Depending on the prevailing type of tissues- parenchyma
or interstitial, this tumor was used to be called differently: myoma,
fibroma, fibromyoma. However, since the myoma nodules are developed
mainly from muscle cells, the most correct terminology is considered
to be myoma (leiomyoma).
Uterine myoma is the most common pelvic tumor and
they are diagnosed in upto15 to 20% of women in pubertal period [1].

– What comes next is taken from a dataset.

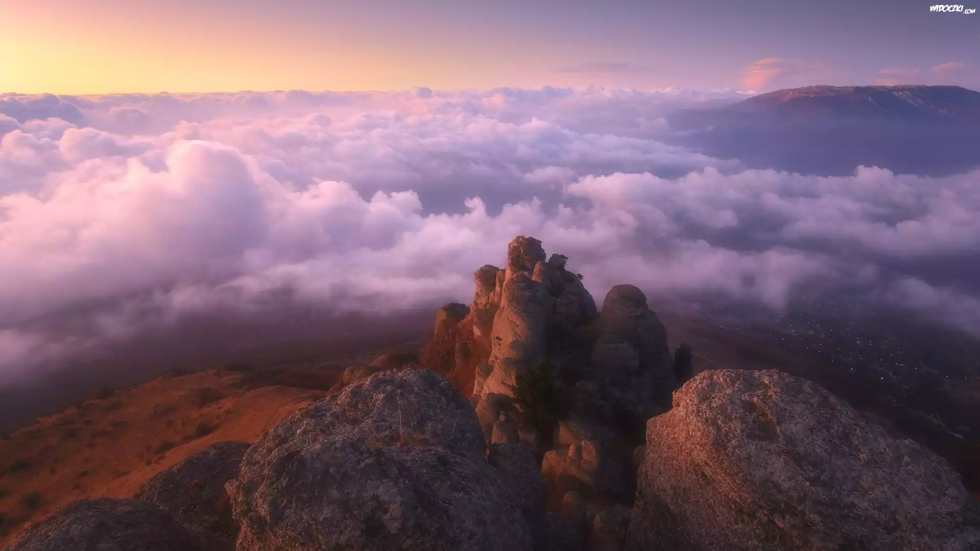 Zdjęcia, Góry, Skały, Chmury, Dolina

Although myoma (uterine fibroids) is generally considered
to be a slowly growing tumor, in 20-40% of women at the age of 35
and more have uterine fibroids of significant sizes with severe clinical
symptoms [2]. Moreover, myoma can be relapsed in 7-28% of patients
after surgical treatments and in certain cases it may even turn into
malignant tumor.
The researchers have remarked that women who gave
birth to at least two children have 2 times less risk of developing
myoma than the childless women. Though, the scientists are not sure
at this point whether the child delivery actually protects them from
myoma, or if the myoma itself is the causative factor of infertility
in those childless women.
For the growth of thus formed tumors, they need to
be further supported by negative factors: abortions, long term use
of inadequate contraceptive pills, chronic, sub acute and acute inflammations
of uterus or its appendices, stresses, ultra-violet irradiation, cystic
formation of ovary etc. For example, the women who had 10 abortions
by the age of 30 have double the risk to develop uterine myoma at
40 years of age.
The growth of uterine myoma is featured as a benign,
hormone sensitive diffuse or nodulous hyperplasia of myometrium and
characterized by having multiple factors of pathogenesis, systemic
changes, though the exact etiology of myoma is not known yet.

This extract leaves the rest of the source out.